### Activity
Note on the material below: return exactly the lines from the line that holds "为检验外语系一学年来的教学成" through the line that holds "令和元年最後の給食 公開日 2019/12/24", and leave out each picture.

### Excerpted data
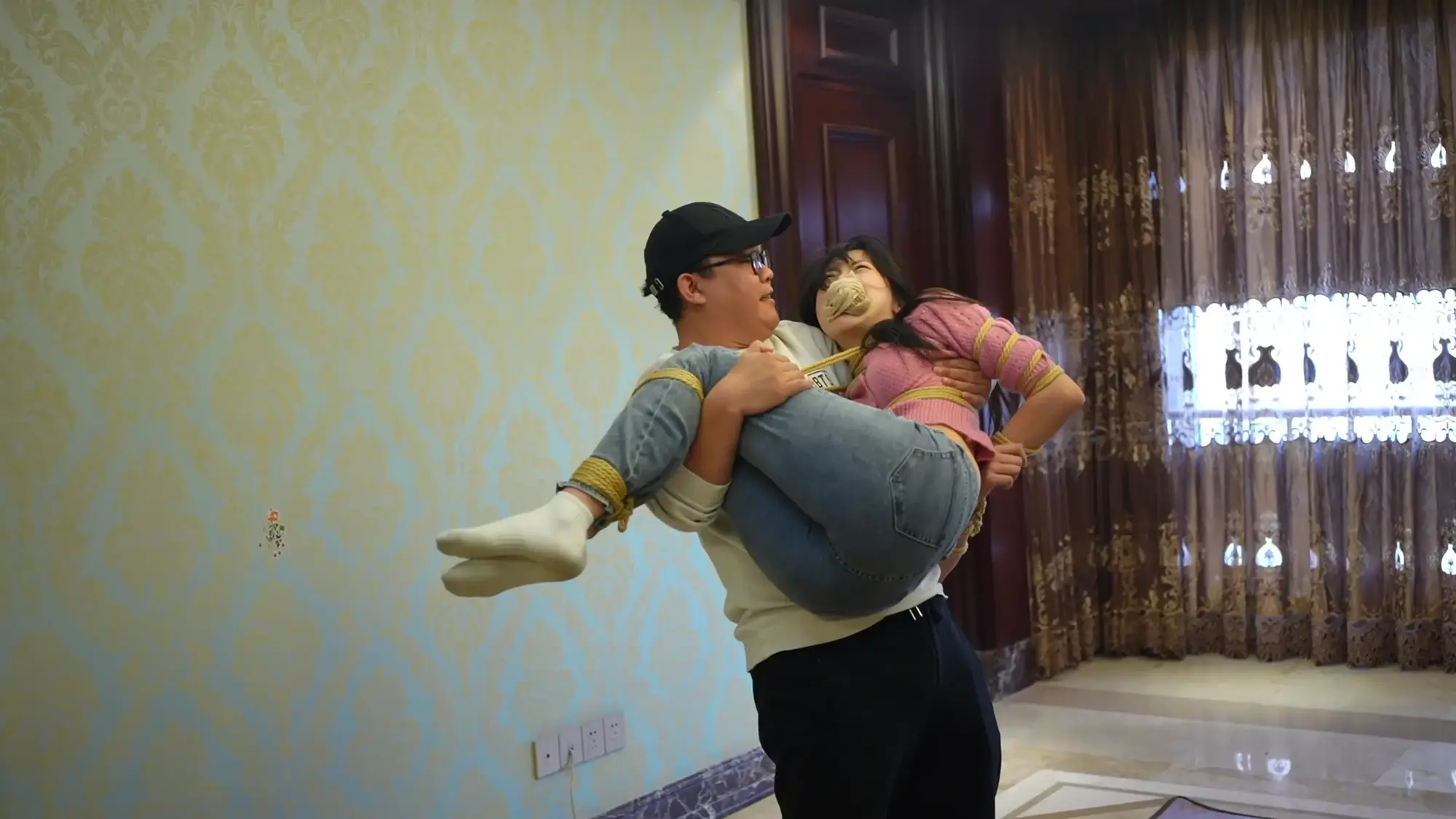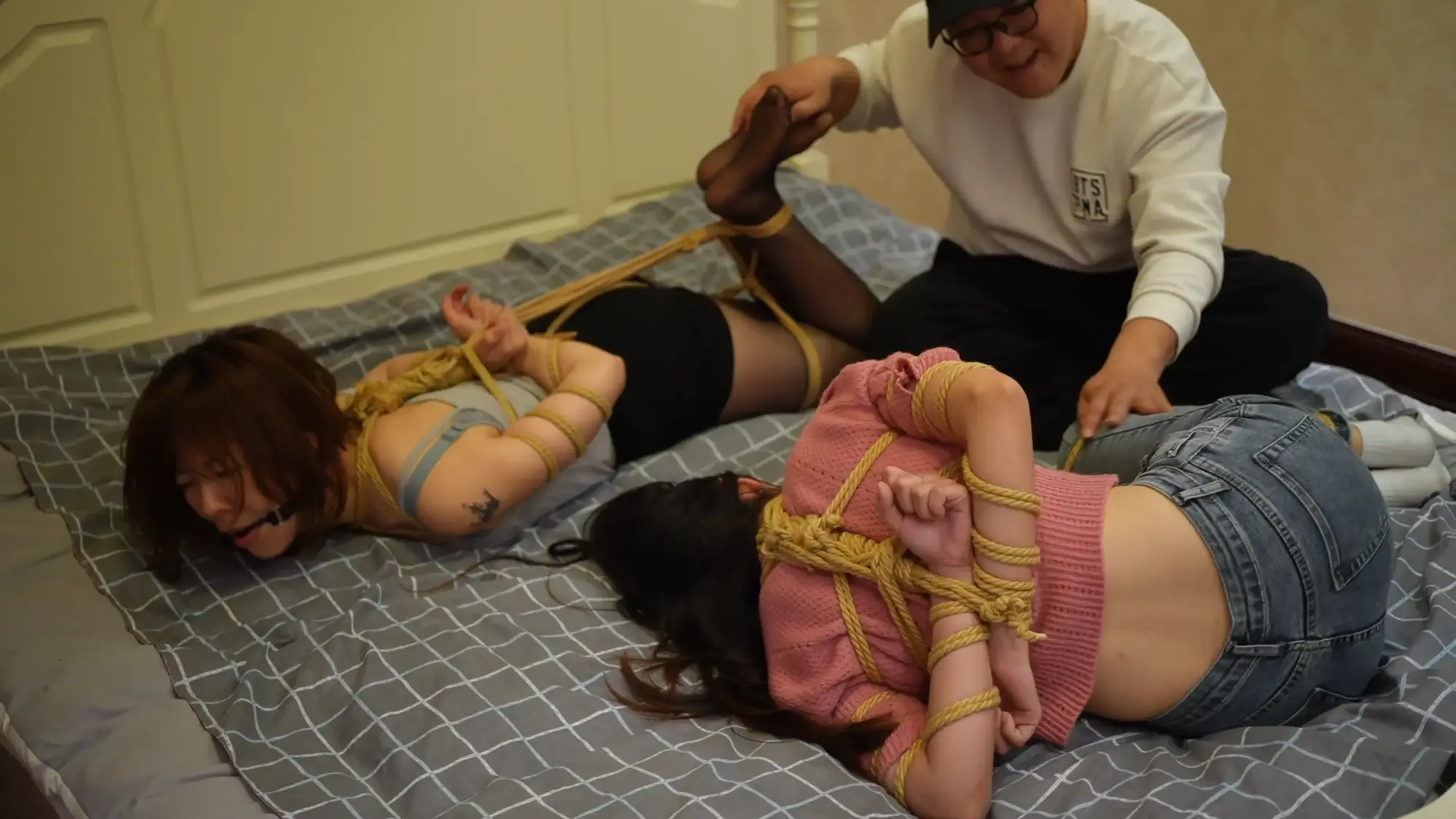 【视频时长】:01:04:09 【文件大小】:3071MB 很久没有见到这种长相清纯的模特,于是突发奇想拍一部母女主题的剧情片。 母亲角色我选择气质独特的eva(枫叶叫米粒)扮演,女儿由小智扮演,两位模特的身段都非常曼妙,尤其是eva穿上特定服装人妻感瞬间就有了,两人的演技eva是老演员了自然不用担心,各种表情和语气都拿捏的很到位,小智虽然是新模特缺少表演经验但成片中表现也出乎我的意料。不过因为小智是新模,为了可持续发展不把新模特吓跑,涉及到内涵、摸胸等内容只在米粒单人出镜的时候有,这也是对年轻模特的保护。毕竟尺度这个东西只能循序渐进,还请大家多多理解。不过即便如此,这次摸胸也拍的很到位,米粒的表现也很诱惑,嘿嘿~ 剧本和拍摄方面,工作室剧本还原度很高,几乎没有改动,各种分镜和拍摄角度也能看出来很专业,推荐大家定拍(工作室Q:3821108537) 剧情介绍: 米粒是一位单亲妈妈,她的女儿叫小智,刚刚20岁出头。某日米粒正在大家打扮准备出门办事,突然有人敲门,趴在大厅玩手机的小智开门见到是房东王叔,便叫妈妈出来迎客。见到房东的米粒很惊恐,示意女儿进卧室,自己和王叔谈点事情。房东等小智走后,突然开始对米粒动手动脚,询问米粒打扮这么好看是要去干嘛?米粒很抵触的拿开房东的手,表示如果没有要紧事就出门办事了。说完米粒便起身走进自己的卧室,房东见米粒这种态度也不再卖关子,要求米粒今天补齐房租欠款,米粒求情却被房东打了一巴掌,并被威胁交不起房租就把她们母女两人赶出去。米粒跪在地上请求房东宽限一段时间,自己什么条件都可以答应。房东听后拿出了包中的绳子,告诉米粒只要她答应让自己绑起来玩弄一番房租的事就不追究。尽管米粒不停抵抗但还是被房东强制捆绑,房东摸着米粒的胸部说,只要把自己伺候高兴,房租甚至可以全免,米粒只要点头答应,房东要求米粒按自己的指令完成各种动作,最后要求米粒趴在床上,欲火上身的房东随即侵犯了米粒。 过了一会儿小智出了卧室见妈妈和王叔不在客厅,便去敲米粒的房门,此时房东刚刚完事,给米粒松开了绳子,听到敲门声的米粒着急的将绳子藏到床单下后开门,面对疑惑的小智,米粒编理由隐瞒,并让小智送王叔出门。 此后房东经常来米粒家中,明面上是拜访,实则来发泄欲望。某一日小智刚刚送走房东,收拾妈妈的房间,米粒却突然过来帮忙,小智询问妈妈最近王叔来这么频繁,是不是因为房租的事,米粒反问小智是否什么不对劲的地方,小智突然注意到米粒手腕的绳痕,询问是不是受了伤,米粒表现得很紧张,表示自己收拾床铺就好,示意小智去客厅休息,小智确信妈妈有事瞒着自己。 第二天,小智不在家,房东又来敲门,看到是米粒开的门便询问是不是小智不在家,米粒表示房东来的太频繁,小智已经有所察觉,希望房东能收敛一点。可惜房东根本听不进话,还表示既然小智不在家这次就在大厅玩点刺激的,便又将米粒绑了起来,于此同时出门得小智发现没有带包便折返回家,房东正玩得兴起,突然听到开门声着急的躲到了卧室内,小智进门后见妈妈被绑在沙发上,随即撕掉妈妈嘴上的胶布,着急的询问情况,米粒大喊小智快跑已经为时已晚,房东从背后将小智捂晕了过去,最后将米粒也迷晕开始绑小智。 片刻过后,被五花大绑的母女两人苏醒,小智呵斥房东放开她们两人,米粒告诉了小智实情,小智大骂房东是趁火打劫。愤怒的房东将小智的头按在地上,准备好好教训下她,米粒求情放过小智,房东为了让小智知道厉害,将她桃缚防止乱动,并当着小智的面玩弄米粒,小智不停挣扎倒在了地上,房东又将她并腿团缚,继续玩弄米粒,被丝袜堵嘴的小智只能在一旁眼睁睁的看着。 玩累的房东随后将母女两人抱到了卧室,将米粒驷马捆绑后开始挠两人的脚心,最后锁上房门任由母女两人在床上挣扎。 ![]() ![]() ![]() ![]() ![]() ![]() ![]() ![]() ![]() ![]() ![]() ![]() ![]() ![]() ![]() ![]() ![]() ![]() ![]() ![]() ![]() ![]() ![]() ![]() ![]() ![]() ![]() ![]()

==

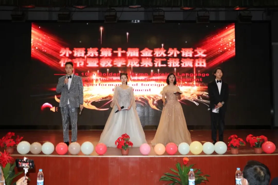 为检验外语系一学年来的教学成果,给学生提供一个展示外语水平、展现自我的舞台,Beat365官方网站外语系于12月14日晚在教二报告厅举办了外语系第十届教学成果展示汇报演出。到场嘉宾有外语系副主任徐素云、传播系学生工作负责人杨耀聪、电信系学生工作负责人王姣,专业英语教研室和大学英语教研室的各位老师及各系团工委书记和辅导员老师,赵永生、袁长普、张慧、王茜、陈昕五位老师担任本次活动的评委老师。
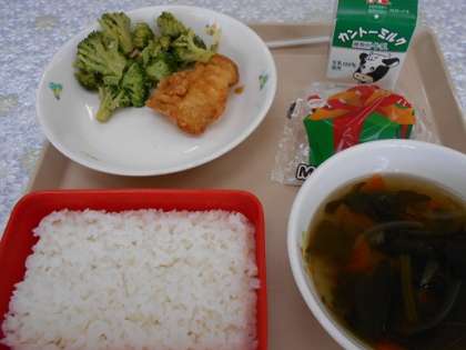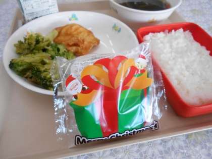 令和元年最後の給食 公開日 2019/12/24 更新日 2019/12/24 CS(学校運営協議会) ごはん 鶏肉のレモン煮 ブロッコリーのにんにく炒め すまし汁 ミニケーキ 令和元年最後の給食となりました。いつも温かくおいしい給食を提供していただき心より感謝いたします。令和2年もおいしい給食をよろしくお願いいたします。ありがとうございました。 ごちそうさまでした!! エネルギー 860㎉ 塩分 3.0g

---

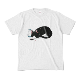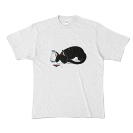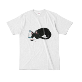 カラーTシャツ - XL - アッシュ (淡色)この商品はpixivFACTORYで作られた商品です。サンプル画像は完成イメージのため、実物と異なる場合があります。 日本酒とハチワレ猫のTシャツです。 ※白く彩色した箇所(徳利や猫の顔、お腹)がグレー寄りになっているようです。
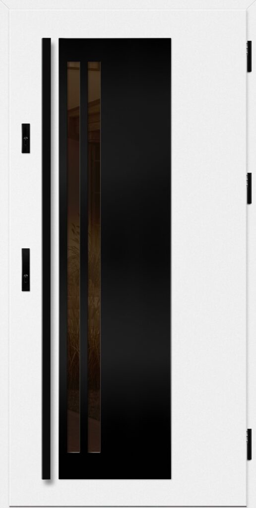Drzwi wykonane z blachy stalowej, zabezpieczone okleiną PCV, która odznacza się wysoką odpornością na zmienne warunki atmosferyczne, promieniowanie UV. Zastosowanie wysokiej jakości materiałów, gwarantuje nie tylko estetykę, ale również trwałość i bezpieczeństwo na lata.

### Answer to the exercise
 为检验外语系一学年来的教学成果,给学生提供一个展示外语水平、展现自我的舞台,Beat365官方网站外语系于12月14日晚在教二报告厅举办了外语系第十届教学成果展示汇报演出。到场嘉宾有外语系副主任徐素云、传播系学生工作负责人杨耀聪、电信系学生工作负责人王姣,专业英语教研室和大学英语教研室的各位老师及各系团工委书记和辅导员老师,赵永生、袁长普、张慧、王茜、陈昕五位老师担任本次活动的评委老师。
 令和元年最後の給食 公開日 2019/12/24 更新日 2019/12/24 CS(学校運営協議会) ごはん 鶏肉のレモン煮 ブロッコリーのにんにく炒め すまし汁 ミニケーキ 令和元年最後の給食となりました。いつも温かくおいしい給食を提供していただき心より感謝いたします。令和2年もおいしい給食をよろしくお願いいたします。ありがとうございました。 ごちそうさまでした!! エネルギー 860㎉ 塩分 3.0g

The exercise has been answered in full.